ムスリム同胞団がエジプトの政治権力を掌握し、大統領職を抑え、議会も多数派を確保した。したがって、ムスリム同胞団がエジプト政治の変革を実行するのであれば、どこからも効果的な邪魔は、入らないはずなのだが。
現実はそうではない。経済的な問題が解決不可能な状態にあることが、ムスリム同胞団政権にとって、最大の難点であろう。アラブの春革命の前には、エジプト・ポンドは1ドルに対し5・5ポンド程度であったものが、最近では7ポンドに届き、やがては8ポンドまで下がるだろうと言われているほどだ。

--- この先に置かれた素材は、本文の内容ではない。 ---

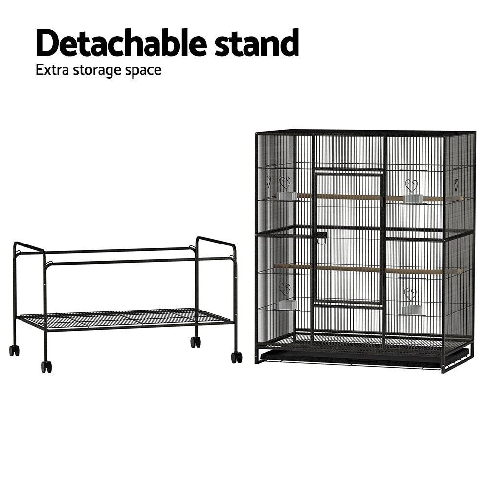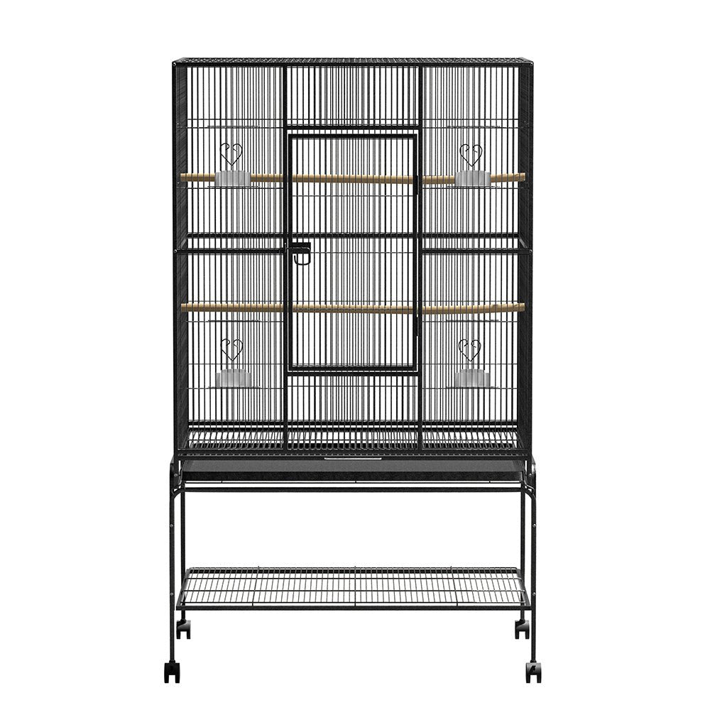 With roomy accommodation for birds of various sizes, the i.Pet Bird Cage is definitely the most comfortable roost for your fine-feathered friends. Made of high quality and durable wrought iron with a non-toxic powder-coated finish, the cage comes with a large access door with secured locks, two small food access windows, two timber perches, four food and water bowls and a removable slide-out tray for easy clean up. Better still, the palatial cage is set on a sturdy stand that features a bottom shelf for extra storage space and strong legs with castor wheels attached for easy mobility.

当然のことながら、ムスリム同胞団から出てきた、モルシー大統領に対する支持率は、下がっている。昨年9月の段階では66パーセントあった支持率が、現在では30パーセントにまで下がっているということだ、
経済は悪化し最貧困層は、一日2ドルで生活しているといわれている。そうした状態では子どたちも学校に行かず、識字率も下がっている。他方、政治の世界で活動している人たちは、エアコンの効いた部屋で話し合っており、庶民の生活苦を理解していない。
最近のエジプトの気候は異常であり、カイロでも最高気温は40度に近づき、最低気温は22度程度まで下がるということだ。もちろん、エジプト南部のアスワンなどでは、45度を軽く越す、高温に達しているのだ。
エジプト国民の間からは『モルシーがエジプトを壊した』という非難も聞こえてくる。彼らは実際に食料の入手さえも、困難になっているようだ。したがって『ムバーラクの時代のほうがよかった』という庶民も少なくないのだ。
モルシー政権に対する批判と不人気は、その通りであろうが、野党側はどうなのであろうか。ムスリム同胞団政権にとって替われるのだろうか。野党の連合組織である国民救済戦線は、極左から極右までをメンバーにしているが、なかなかエジプトが抱えている問題解決への、具体策は打ち出せないでいる。メンバー自身が『我々は怠け者だからなあ』と語っているとか。
そうした混沌のなかで、サラフィスト組織(イスラム原理主義)の人気が、拡大しているということだ.そのサラフィスト組織の拡大について、ムスリム同胞団も野党も、あまり関心を払っていないようだ。
不満が拡大するエジプト大衆の間では、特異な原理主義が受け入れられるのであろう。『アッラーが導いてくれる』『イスラムはすべての問題の解決策だ』『現状は我々の不信仰が生み出したものであり、アッラーによる懲罰だ』といったものだ。
エジプトのイスラム原理主義のなかで、いま支持を集めているのは、サウジアラビアのワハビー主義だということだ。確かビンラーデンもワハビー主義だったはずだが、今後のエジプトは大丈夫なのだろうか。